» Required action:
Please reproduce the entries below exactly, starting at the first line and ending with the line that holds "This outfit is".

Dataset items

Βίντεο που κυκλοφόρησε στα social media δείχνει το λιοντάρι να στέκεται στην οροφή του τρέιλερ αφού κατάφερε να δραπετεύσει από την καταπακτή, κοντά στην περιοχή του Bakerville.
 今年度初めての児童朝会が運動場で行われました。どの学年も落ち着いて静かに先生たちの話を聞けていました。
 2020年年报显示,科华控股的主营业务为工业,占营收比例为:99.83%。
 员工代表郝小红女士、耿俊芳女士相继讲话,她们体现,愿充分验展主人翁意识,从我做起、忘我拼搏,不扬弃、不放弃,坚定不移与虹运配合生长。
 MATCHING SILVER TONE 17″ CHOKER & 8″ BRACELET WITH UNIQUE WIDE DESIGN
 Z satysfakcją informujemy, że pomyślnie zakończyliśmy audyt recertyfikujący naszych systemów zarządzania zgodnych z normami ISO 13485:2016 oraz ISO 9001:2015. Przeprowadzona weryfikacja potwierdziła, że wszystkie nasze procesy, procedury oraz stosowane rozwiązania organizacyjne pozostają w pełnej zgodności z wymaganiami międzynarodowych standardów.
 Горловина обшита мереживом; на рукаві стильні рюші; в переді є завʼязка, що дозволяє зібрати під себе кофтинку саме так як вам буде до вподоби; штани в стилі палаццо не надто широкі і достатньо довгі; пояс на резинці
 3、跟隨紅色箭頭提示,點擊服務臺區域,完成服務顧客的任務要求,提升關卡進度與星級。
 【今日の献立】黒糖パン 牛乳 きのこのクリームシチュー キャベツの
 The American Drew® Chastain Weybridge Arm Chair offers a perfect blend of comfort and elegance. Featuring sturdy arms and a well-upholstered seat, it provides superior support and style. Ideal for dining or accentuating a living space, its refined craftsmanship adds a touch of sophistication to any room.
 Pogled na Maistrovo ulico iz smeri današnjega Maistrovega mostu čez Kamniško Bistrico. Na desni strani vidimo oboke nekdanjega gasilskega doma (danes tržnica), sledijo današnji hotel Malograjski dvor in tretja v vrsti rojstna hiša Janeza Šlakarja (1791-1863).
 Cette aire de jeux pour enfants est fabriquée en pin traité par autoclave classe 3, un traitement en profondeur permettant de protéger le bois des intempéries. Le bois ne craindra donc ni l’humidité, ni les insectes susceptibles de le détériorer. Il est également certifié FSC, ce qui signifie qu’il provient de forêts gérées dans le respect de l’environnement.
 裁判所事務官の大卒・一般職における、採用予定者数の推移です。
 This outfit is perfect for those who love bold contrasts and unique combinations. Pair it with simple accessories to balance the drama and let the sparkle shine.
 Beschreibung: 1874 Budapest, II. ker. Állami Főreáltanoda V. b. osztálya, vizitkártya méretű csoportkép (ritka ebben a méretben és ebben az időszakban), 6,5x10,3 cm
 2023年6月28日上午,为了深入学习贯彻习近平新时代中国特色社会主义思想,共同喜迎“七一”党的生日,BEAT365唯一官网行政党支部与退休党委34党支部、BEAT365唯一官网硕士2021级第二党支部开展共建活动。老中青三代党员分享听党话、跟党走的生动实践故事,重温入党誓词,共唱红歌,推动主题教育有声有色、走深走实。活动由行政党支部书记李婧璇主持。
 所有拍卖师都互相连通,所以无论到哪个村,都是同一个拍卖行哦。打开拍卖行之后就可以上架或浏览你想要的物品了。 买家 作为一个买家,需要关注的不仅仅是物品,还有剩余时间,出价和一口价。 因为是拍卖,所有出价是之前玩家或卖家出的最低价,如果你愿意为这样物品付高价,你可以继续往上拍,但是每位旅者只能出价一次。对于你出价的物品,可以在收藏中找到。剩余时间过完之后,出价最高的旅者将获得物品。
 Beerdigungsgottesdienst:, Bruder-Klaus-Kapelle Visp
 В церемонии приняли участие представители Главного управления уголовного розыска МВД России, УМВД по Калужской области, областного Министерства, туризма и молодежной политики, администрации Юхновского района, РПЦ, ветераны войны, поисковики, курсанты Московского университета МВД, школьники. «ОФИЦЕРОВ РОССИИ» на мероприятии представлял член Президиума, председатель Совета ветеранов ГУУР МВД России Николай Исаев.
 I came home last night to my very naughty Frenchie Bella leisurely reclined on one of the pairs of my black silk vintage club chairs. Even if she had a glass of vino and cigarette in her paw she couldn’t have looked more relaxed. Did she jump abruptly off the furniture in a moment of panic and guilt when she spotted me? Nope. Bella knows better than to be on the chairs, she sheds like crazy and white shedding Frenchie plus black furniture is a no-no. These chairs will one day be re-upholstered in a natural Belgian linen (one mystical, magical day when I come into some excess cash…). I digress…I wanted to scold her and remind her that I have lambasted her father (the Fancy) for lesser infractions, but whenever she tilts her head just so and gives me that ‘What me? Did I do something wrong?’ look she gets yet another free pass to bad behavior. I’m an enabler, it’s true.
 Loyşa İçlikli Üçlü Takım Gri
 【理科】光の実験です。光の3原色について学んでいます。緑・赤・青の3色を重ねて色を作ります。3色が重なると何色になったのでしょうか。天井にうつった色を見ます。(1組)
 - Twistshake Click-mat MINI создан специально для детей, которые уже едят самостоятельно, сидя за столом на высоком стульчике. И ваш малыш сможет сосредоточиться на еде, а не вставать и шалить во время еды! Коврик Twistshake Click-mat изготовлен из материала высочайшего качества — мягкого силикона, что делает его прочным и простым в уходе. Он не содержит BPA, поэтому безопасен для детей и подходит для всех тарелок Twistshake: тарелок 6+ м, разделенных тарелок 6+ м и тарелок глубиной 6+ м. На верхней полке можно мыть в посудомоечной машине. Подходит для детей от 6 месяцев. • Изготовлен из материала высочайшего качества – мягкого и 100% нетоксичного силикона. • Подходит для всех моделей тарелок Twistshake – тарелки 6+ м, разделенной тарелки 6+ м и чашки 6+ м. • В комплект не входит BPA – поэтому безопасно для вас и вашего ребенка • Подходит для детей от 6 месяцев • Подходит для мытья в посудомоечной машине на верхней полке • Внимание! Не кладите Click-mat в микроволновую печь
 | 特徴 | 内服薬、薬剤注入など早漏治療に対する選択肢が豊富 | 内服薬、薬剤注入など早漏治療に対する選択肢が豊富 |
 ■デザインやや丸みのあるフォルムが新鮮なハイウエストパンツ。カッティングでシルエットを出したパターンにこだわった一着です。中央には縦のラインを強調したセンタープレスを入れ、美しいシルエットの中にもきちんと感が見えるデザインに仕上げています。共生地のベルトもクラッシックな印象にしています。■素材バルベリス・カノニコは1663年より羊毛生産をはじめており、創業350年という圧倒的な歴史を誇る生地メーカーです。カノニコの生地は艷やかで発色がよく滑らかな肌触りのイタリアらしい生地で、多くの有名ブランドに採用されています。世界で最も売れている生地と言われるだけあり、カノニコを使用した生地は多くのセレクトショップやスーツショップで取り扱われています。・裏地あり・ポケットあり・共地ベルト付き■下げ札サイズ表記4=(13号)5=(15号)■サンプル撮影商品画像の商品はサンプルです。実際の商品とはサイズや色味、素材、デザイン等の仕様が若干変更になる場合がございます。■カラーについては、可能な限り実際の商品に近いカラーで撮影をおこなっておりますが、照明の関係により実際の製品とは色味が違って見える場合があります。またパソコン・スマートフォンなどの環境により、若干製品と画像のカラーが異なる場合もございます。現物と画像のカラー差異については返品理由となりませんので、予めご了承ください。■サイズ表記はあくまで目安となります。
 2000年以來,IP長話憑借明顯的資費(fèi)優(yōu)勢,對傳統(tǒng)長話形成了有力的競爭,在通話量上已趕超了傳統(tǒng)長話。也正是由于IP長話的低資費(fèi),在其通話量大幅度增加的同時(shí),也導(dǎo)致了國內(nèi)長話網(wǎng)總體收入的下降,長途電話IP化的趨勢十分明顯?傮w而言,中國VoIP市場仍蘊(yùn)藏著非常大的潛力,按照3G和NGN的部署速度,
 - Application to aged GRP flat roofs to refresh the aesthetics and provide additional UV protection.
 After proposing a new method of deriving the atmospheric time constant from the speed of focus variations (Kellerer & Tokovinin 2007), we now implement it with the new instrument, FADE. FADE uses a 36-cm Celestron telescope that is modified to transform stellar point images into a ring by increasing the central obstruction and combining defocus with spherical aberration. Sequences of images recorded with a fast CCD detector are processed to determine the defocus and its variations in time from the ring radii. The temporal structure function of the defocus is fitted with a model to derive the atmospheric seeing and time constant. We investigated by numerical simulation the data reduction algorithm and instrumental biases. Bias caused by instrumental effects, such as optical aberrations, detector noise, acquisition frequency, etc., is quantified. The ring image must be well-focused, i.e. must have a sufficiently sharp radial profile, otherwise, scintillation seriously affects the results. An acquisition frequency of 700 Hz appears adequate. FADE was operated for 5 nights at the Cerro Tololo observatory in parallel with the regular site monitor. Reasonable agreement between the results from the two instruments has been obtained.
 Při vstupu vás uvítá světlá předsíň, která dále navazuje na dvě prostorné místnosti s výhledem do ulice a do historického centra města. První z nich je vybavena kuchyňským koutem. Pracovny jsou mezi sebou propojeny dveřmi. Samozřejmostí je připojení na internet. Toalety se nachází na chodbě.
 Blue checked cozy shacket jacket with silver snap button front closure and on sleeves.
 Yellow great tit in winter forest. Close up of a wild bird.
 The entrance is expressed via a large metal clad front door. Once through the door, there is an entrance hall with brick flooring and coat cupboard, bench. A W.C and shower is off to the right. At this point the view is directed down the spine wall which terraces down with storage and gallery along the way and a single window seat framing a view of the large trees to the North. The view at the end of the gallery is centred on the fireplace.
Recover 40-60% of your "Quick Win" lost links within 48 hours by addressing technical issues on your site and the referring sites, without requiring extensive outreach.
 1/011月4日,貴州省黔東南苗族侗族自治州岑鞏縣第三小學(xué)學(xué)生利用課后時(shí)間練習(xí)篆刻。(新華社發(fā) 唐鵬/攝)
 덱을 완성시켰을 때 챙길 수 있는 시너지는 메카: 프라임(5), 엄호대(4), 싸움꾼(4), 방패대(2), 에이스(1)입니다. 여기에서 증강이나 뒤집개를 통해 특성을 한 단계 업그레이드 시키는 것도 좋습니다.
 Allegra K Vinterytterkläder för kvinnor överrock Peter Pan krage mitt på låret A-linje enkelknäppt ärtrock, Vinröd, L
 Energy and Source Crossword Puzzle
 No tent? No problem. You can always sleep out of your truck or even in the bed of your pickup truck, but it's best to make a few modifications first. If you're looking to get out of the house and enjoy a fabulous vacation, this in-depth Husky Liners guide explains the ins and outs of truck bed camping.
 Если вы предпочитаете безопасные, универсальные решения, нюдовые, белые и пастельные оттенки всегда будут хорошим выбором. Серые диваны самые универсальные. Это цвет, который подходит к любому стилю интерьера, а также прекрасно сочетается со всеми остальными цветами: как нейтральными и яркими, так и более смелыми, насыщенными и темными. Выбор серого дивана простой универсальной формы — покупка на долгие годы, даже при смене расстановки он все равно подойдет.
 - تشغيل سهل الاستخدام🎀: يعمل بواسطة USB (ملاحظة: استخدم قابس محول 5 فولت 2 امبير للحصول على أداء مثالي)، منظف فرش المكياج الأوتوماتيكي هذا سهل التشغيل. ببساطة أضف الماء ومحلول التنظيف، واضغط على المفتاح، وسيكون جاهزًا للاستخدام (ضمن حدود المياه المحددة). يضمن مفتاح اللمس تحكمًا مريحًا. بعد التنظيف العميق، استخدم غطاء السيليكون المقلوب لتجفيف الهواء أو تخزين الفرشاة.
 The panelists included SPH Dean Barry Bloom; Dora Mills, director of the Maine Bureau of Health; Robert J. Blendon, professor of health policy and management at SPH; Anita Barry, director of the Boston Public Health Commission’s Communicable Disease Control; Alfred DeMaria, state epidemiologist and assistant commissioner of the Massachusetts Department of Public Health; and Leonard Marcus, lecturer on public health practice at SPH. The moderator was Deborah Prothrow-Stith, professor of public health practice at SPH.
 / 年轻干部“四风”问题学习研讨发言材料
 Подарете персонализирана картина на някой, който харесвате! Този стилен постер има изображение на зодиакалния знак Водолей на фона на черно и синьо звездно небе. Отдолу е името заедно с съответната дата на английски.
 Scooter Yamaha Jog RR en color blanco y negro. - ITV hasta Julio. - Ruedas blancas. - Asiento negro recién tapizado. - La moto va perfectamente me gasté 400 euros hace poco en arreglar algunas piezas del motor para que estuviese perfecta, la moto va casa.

» Task answer:
Βίντεο που κυκλοφόρησε στα social media δείχνει το λιοντάρι να στέκεται στην οροφή του τρέιλερ αφού κατάφερε να δραπετεύσει από την καταπακτή, κοντά στην περιοχή του Bakerville.
 今年度初めての児童朝会が運動場で行われました。どの学年も落ち着いて静かに先生たちの話を聞けていました。
 2020年年报显示,科华控股的主营业务为工业,占营收比例为:99.83%。
 员工代表郝小红女士、耿俊芳女士相继讲话,她们体现,愿充分验展主人翁意识,从我做起、忘我拼搏,不扬弃、不放弃,坚定不移与虹运配合生长。
 MATCHING SILVER TONE 17″ CHOKER & 8″ BRACELET WITH UNIQUE WIDE DESIGN
 Z satysfakcją informujemy, że pomyślnie zakończyliśmy audyt recertyfikujący naszych systemów zarządzania zgodnych z normami ISO 13485:2016 oraz ISO 9001:2015. Przeprowadzona weryfikacja potwierdziła, że wszystkie nasze procesy, procedury oraz stosowane rozwiązania organizacyjne pozostają w pełnej zgodności z wymaganiami międzynarodowych standardów.
 Горловина обшита мереживом; на рукаві стильні рюші; в переді є завʼязка, що дозволяє зібрати під себе кофтинку саме так як вам буде до вподоби; штани в стилі палаццо не надто широкі і достатньо довгі; пояс на резинці
 3、跟隨紅色箭頭提示,點擊服務臺區域,完成服務顧客的任務要求,提升關卡進度與星級。
 【今日の献立】黒糖パン 牛乳 きのこのクリームシチュー キャベツの
 The American Drew® Chastain Weybridge Arm Chair offers a perfect blend of comfort and elegance. Featuring sturdy arms and a well-upholstered seat, it provides superior support and style. Ideal for dining or accentuating a living space, its refined craftsmanship adds a touch of sophistication to any room.
 Pogled na Maistrovo ulico iz smeri današnjega Maistrovega mostu čez Kamniško Bistrico. Na desni strani vidimo oboke nekdanjega gasilskega doma (danes tržnica), sledijo današnji hotel Malograjski dvor in tretja v vrsti rojstna hiša Janeza Šlakarja (1791-1863).
 Cette aire de jeux pour enfants est fabriquée en pin traité par autoclave classe 3, un traitement en profondeur permettant de protéger le bois des intempéries. Le bois ne craindra donc ni l’humidité, ni les insectes susceptibles de le détériorer. Il est également certifié FSC, ce qui signifie qu’il provient de forêts gérées dans le respect de l’environnement.
 裁判所事務官の大卒・一般職における、採用予定者数の推移です。
 This outfit is perfect for those who love bold contrasts and unique combinations. Pair it with simple accessories to balance the drama and let the sparkle shine.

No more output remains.